=== Work to be completed ===
Return each entry word for word, without its pictures.

++++ Listed records

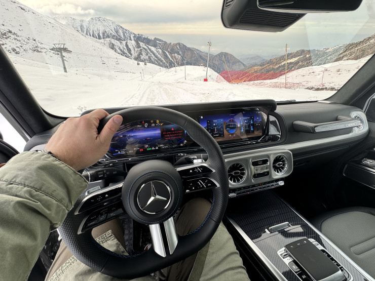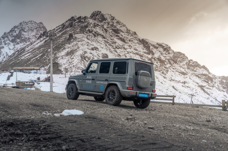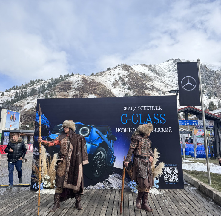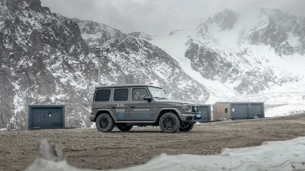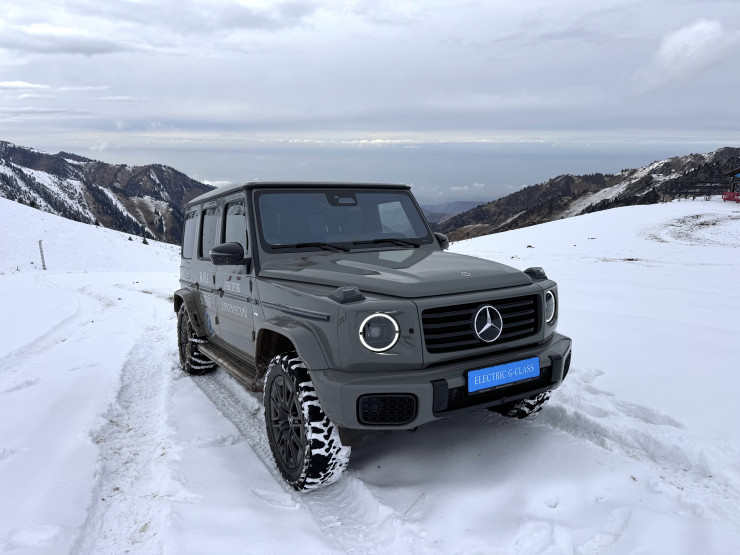 В рамках презентации гости смогли оценить возможности электрического G-Class, поднявшись на вершину Шымбулака, станцию на высоте 3200 метров. Подъем проходил по крутым горнолыжным склонам, где автомобиль уверенно преодолел маршрут.
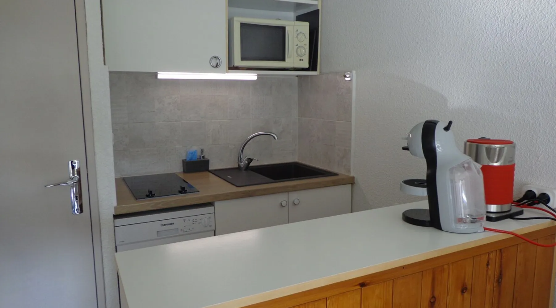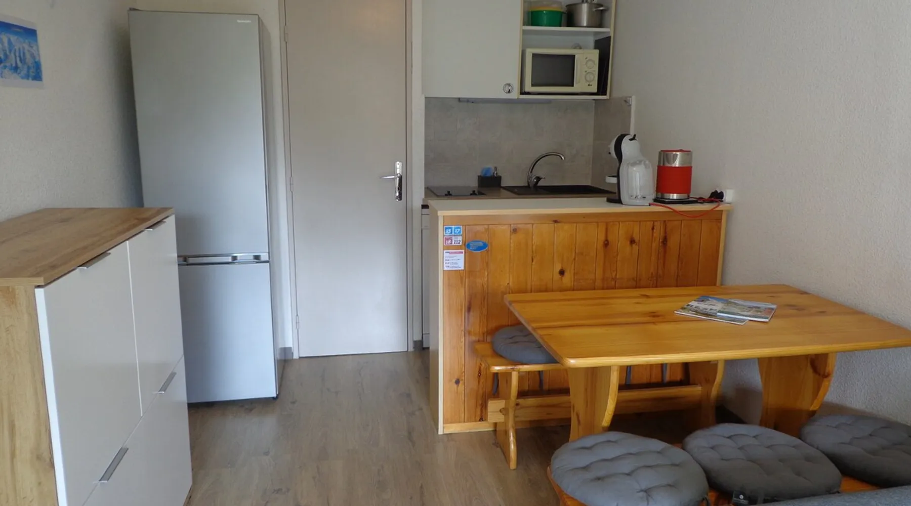 La Foux d'Allos Charming classified studio, quiet and perfectly located at the sources of Verdon. In a secure residence, in a green setting but close to all amenities, this upstairs studio with balcony (snow floor + 2) facing south and not overlooked offers a very pleasant view of the surrounding peaks. Long stays: 70% discount The space Welcome to Val d 'Allos! This 21 m2 furnished tourist accommodation benefits from a privileged location, a little away from crowds but close to shops, tourist infrastructure and road connections. Its balcony overlooks a green space and offers a superb panorama of the Verdon and the mountain peaks. The apartment is composed of a living-dining room with sofa bed with express opening and closing convertible, "mountain corner" equipped with bunk beds, kitchenette, bathroom with shower cabin and separate toilet. It is equipped with double glazing and inertial radiators with electronic control. It also has its dedicated internet access as well as a connected TV. It's a great pied-a-terre for sightseeing, relaxing, or working stays. Appliances: combined fridge-freezer, dishwasher, microwave, Dolce Gusto multi-drink coffee maker, kettle, iron, vacuum cleaner Bedding: 1 mattress 140 and 2 mattresses 70. Consider bringing your own sheets and pillowcases! You can also contact Laundry Poseidon which provides you with a bed linen and towel rental service. See website for details. For the sake of quality of service and guarantee of cleanliness, cleaning and preparation of the accommodation are included in the price. Snow ground floor ski locker Guest access Different shops including a convenience store (in season) and a restaurant with terrace welcome you at the foot of the building. Laundry on site in season and laundromat "Bulle Doseur" open all year in La Foux d 'Allos A play area (billiards, shuffleboard) accessible for all. Parking: Large secure parking at the foot of the building Nearby: "Marin Pascal" chairlift, "Verdon Express" multi-season rail sledding, hiking trails, free internal shuttle from Val d 'Allos - La Foux A few minutes from the center of La Foux d 'Allos 10 minutes by car from Allos village and Le Seignus ski area This accommodation is not suitable for people with reduced mobility Other things to note Accommodation limited to 2 adults and 2 children This furnished tourist accommodation is classified, which significantly reduces the amount of the tourist tax (-80%). Power consumption: Guests are kindly requested to behave responsibly in the use of energy supplies. A supplement will be applied in case of excessive consumption: an average of 20 kWh/day, in relation to the surface area of the accommodation, its location and amenities, is included in the rental price. Please review the terms and conditions set forth under "House Rules", which are deemed accepted at the time of booking this accommodation. Registration Details 04006 000061 0G
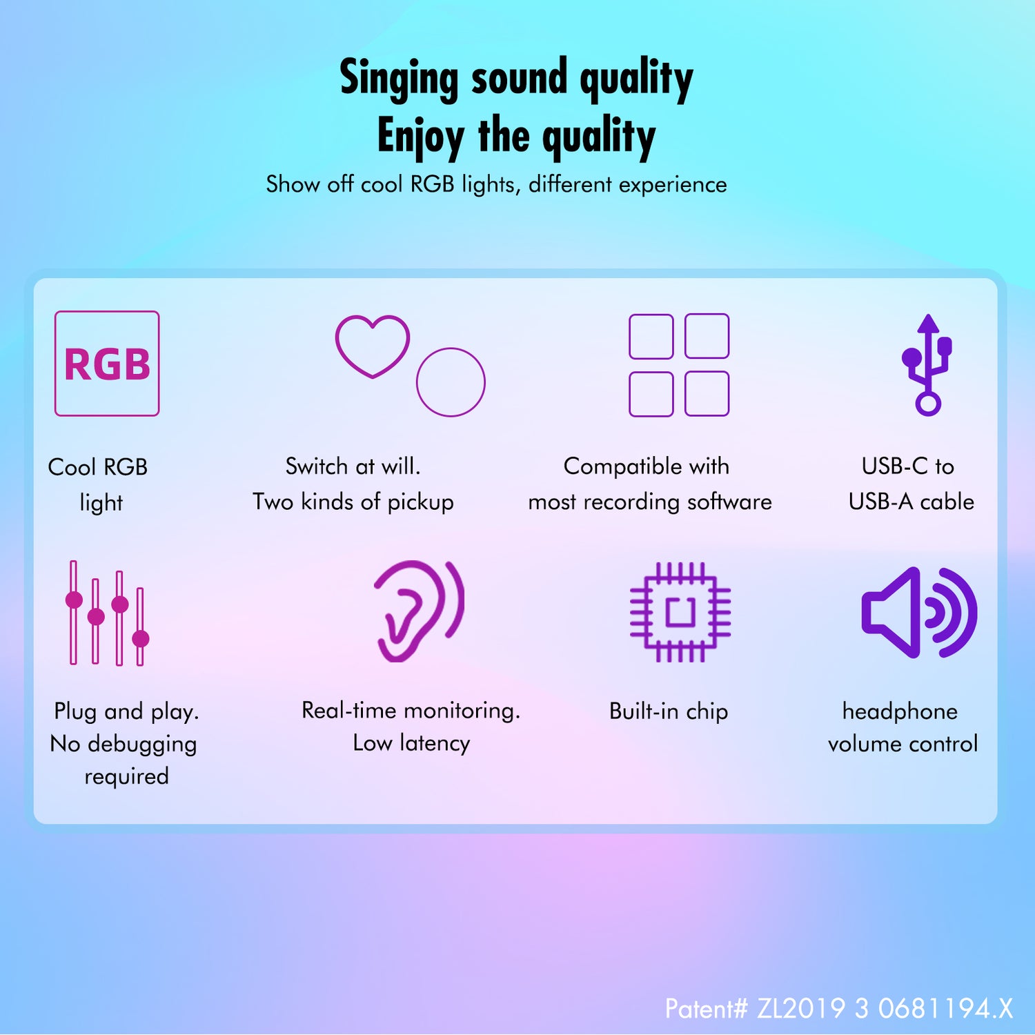 - High quality big condenser microphone unit, Cardioid, super clear sound pickup, perfect for Streaming, Vlogs, Gaming, Podcasts, Voiceovers, Vocals, etc.
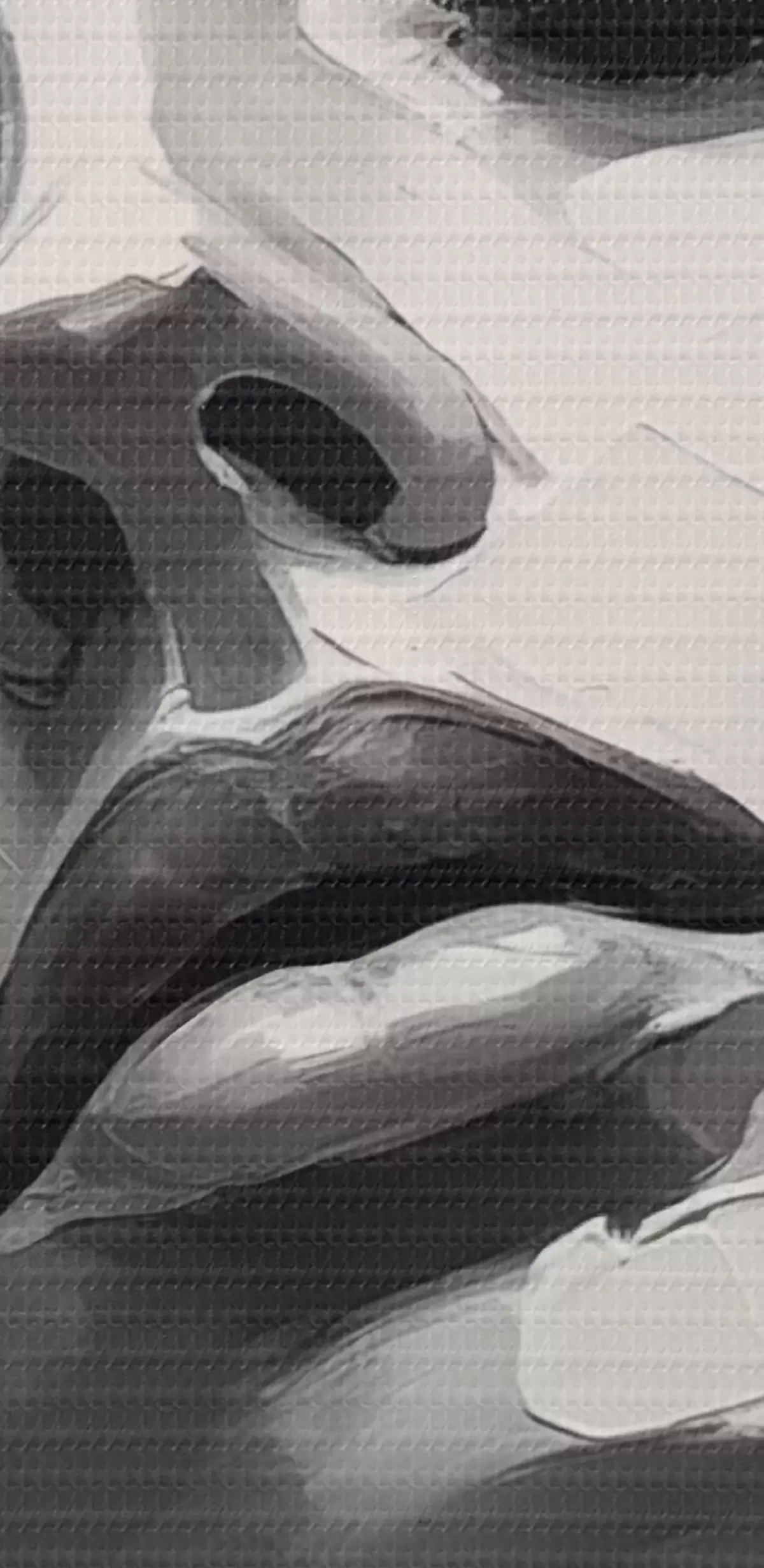 Smalkais diegu pinums uz šī audekla atgādina profesionālu mākslinieku audeklu virsmu.
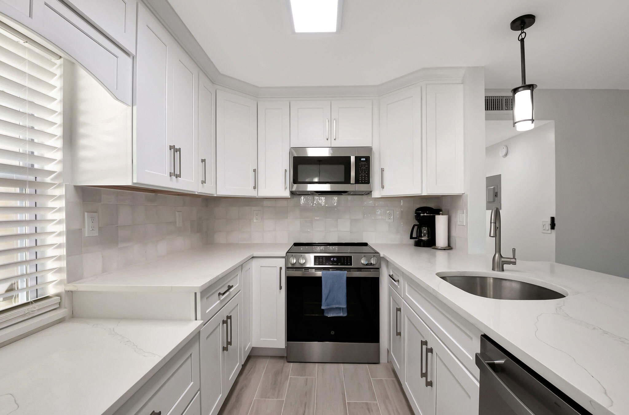 Step into luxury with this completely renovated 2-bed, 2-bath condo at 493 Flanders K, nestled in the vibrant 55+ community of Kings Point Golf and Country Club. RENT RIGHT AWAY NO WAIT! Every inch of this home has been thoughtfully upgraded with top-tier finishes, ensuring a seamless blend of elegance and functionality. This condo features all-new essentials, including a brand-new A/C system, hot water tank, and upgraded electric panel for worry-free living. The stunning open-concept kitchen is a chef's dream, boasting quartz countertops, top-of-the-line stainless steel appliances, a tiled backsplash, and ample natural light. A breakfast bar invites you to pull up a stool and enjoy your morning coffee in style. Freshly painted with smooth ceilings and designer wood-look porcelain tile

++++++++

=== Your solution ===
 В рамках презентации гости смогли оценить возможности электрического G-Class, поднявшись на вершину Шымбулака, станцию на высоте 3200 метров. Подъем проходил по крутым горнолыжным склонам, где автомобиль уверенно преодолел маршрут.
 La Foux d'Allos Charming classified studio, quiet and perfectly located at the sources of Verdon. In a secure residence, in a green setting but close to all amenities, this upstairs studio with balcony (snow floor + 2) facing south and not overlooked offers a very pleasant view of the surrounding peaks. Long stays: 70% discount The space Welcome to Val d 'Allos! This 21 m2 furnished tourist accommodation benefits from a privileged location, a little away from crowds but close to shops, tourist infrastructure and road connections. Its balcony overlooks a green space and offers a superb panorama of the Verdon and the mountain peaks. The apartment is composed of a living-dining room with sofa bed with express opening and closing convertible, "mountain corner" equipped with bunk beds, kitchenette, bathroom with shower cabin and separate toilet. It is equipped with double glazing and inertial radiators with electronic control. It also has its dedicated internet access as well as a connected TV. It's a great pied-a-terre for sightseeing, relaxing, or working stays. Appliances: combined fridge-freezer, dishwasher, microwave, Dolce Gusto multi-drink coffee maker, kettle, iron, vacuum cleaner Bedding: 1 mattress 140 and 2 mattresses 70. Consider bringing your own sheets and pillowcases! You can also contact Laundry Poseidon which provides you with a bed linen and towel rental service. See website for details. For the sake of quality of service and guarantee of cleanliness, cleaning and preparation of the accommodation are included in the price. Snow ground floor ski locker Guest access Different shops including a convenience store (in season) and a restaurant with terrace welcome you at the foot of the building. Laundry on site in season and laundromat "Bulle Doseur" open all year in La Foux d 'Allos A play area (billiards, shuffleboard) accessible for all. Parking: Large secure parking at the foot of the building Nearby: "Marin Pascal" chairlift, "Verdon Express" multi-season rail sledding, hiking trails, free internal shuttle from Val d 'Allos - La Foux A few minutes from the center of La Foux d 'Allos 10 minutes by car from Allos village and Le Seignus ski area This accommodation is not suitable for people with reduced mobility Other things to note Accommodation limited to 2 adults and 2 children This furnished tourist accommodation is classified, which significantly reduces the amount of the tourist tax (-80%). Power consumption: Guests are kindly requested to behave responsibly in the use of energy supplies. A supplement will be applied in case of excessive consumption: an average of 20 kWh/day, in relation to the surface area of the accommodation, its location and amenities, is included in the rental price. Please review the terms and conditions set forth under "House Rules", which are deemed accepted at the time of booking this accommodation. Registration Details 04006 000061 0G
 - High quality big condenser microphone unit, Cardioid, super clear sound pickup, perfect for Streaming, Vlogs, Gaming, Podcasts, Voiceovers, Vocals, etc.
 Smalkais diegu pinums uz šī audekla atgādina profesionālu mākslinieku audeklu virsmu.
 Step into luxury with this completely renovated 2-bed, 2-bath condo at 493 Flanders K, nestled in the vibrant 55+ community of Kings Point Golf and Country Club. RENT RIGHT AWAY NO WAIT! Every inch of this home has been thoughtfully upgraded with top-tier finishes, ensuring a seamless blend of elegance and functionality. This condo features all-new essentials, including a brand-new A/C system, hot water tank, and upgraded electric panel for worry-free living. The stunning open-concept kitchen is a chef's dream, boasting quartz countertops, top-of-the-line stainless steel appliances, a tiled backsplash, and ample natural light. A breakfast bar invites you to pull up a stool and enjoy your morning coffee in style. Freshly painted with smooth ceilings and designer wood-look porcelain tile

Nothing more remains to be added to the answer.